== Activity ==
Could the listing below be reproduced exactly, minus its pictures?

** Opening Dataset section block **

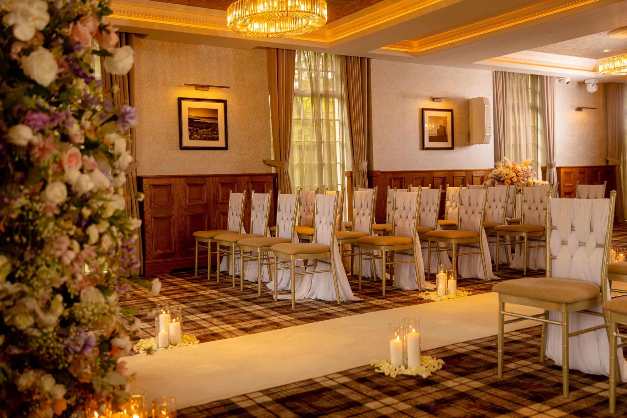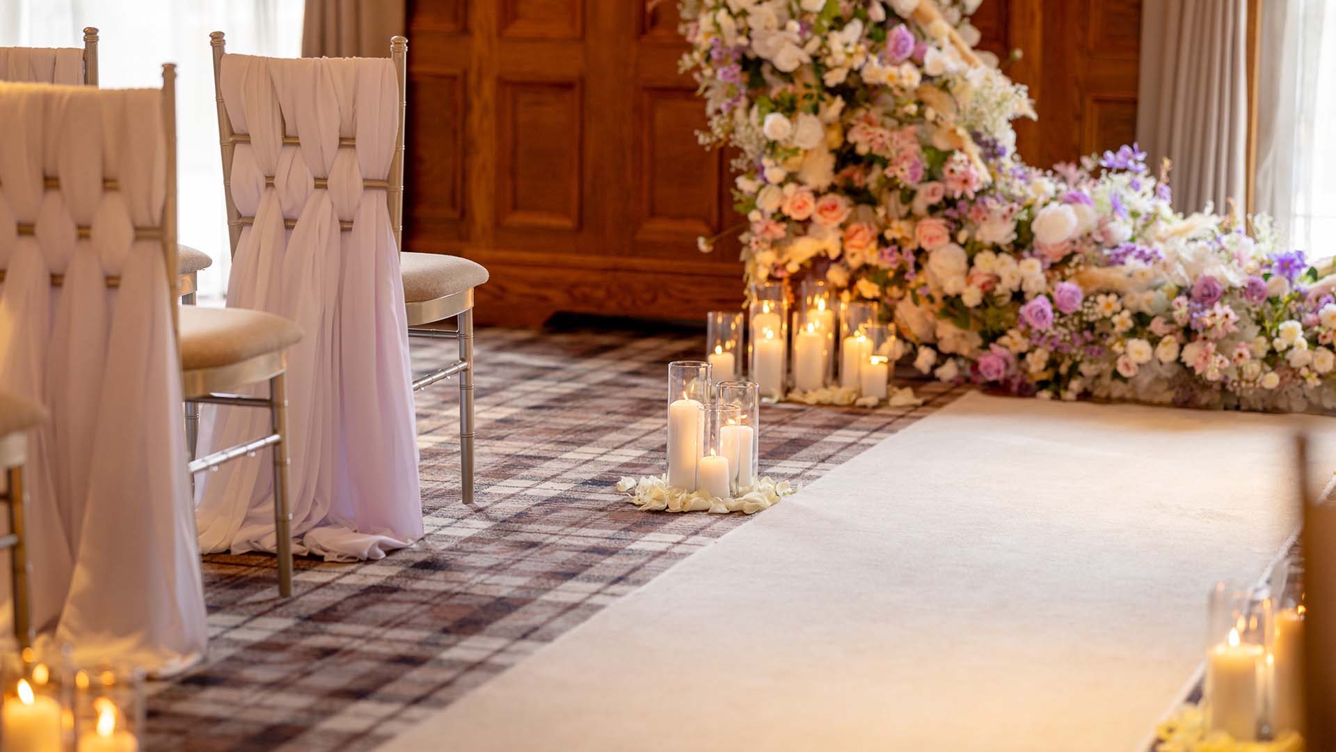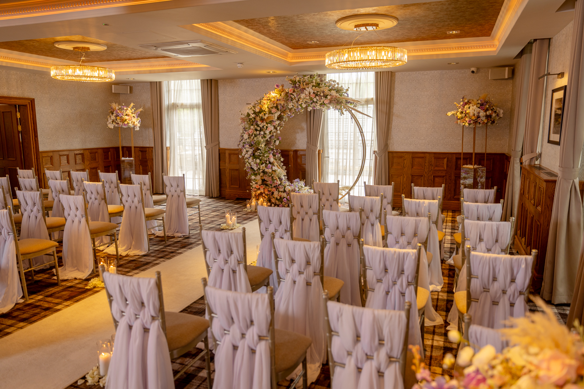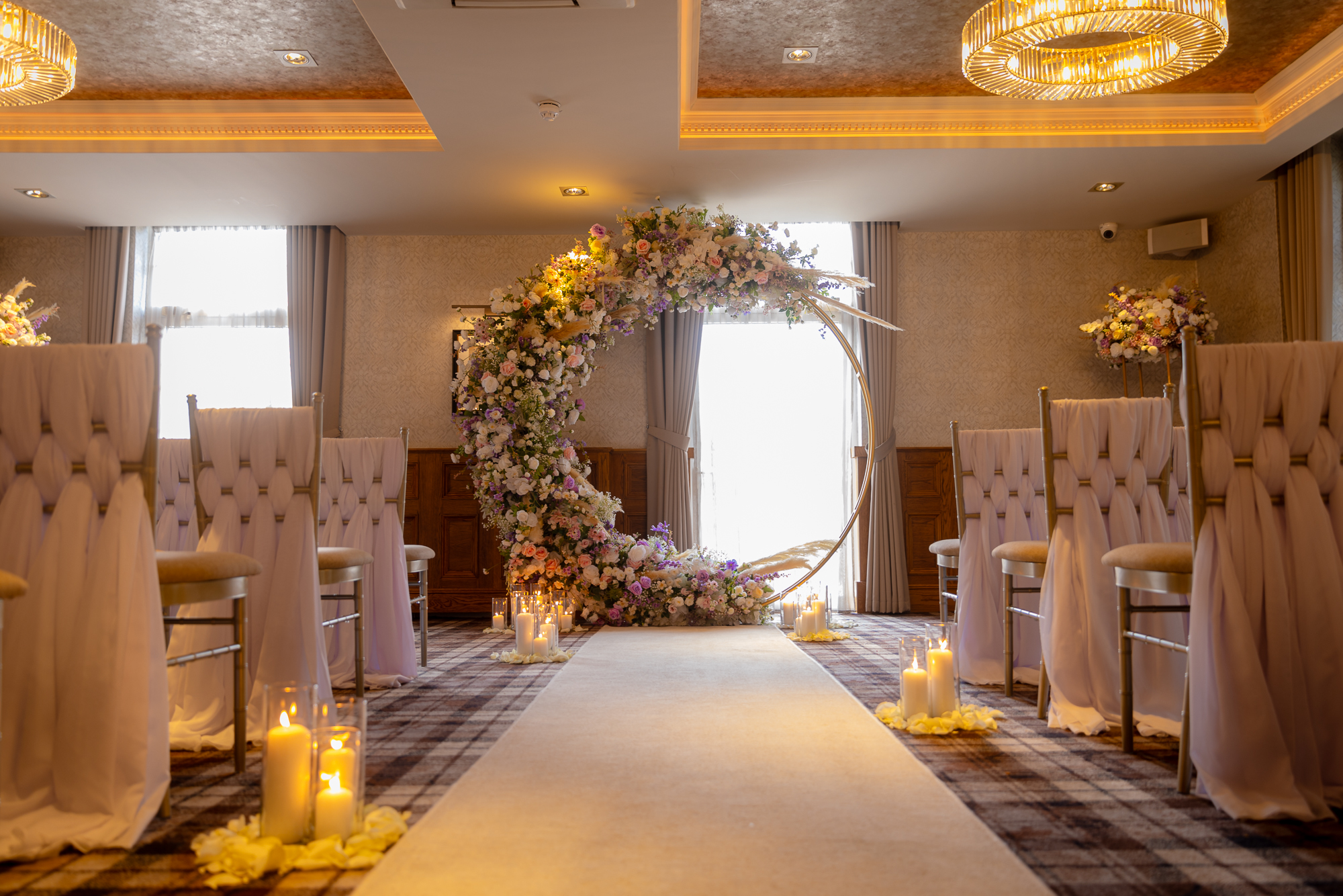 As a general rule across all our wedding venues, we can accommodate having your pet here for pictures on our venue grounds after your ceremony. And although pets are not allowed inside the venue at these times, we can recommend some luxury options for them to stay the night. You can discuss pet arrangements with your dedicated wedding planner or the venue manager.
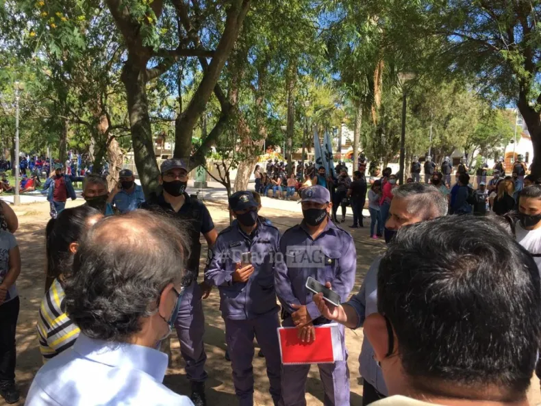 La cantidad de manifestantes era importante, pero también la presencia de agentes policiales encabezados por el actual subsecretario de Prevención y Seguridad en Abordaje Territorial, Gustavo Olivello, actual funcionario muy cuestionado por las organizaciones sociales, quien mantuvo una tensa discusión con Carlos Martínez, presidente de Libres del Sur.
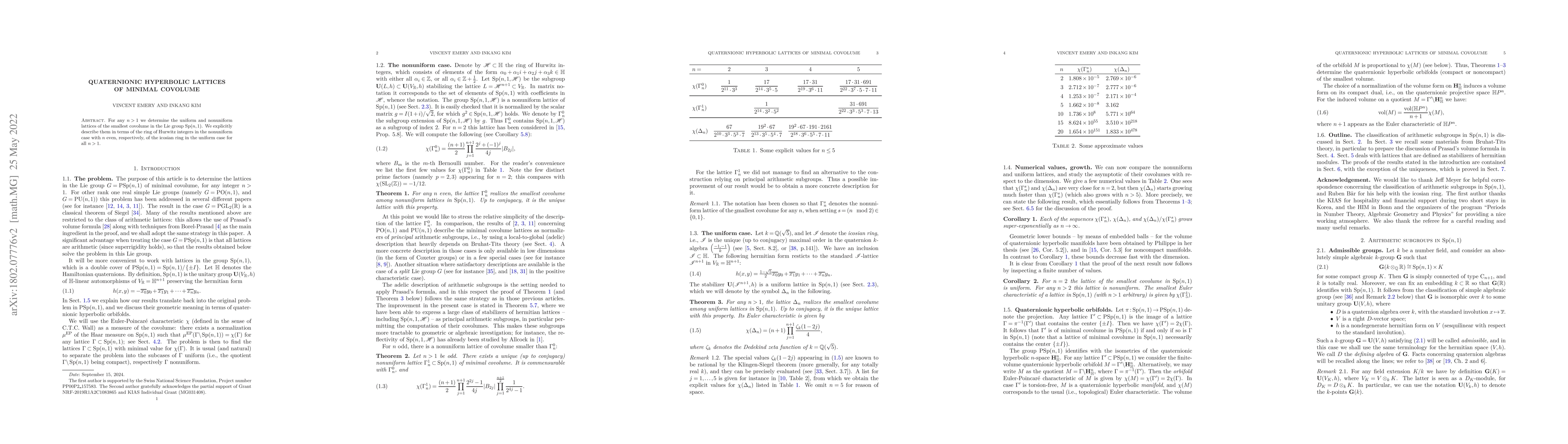 This paper identifies the uniform and nonuniform lattices with minimal covolume in the Lie group Sp(n,1) for n>1, describing them explicitly using Hurwitz integers for n even and the icosian ring for all n>1.

** Closing Dataset section block **

== Answer for this exercise ==
 As a general rule across all our wedding venues, we can accommodate having your pet here for pictures on our venue grounds after your ceremony. And although pets are not allowed inside the venue at these times, we can recommend some luxury options for them to stay the night. You can discuss pet arrangements with your dedicated wedding planner or the venue manager.
 La cantidad de manifestantes era importante, pero también la presencia de agentes policiales encabezados por el actual subsecretario de Prevención y Seguridad en Abordaje Territorial, Gustavo Olivello, actual funcionario muy cuestionado por las organizaciones sociales, quien mantuvo una tensa discusión con Carlos Martínez, presidente de Libres del Sur.
 This paper identifies the uniform and nonuniform lattices with minimal covolume in the Lie group Sp(n,1) for n>1, describing them explicitly using Hurwitz integers for n even and the icosian ring for all n>1.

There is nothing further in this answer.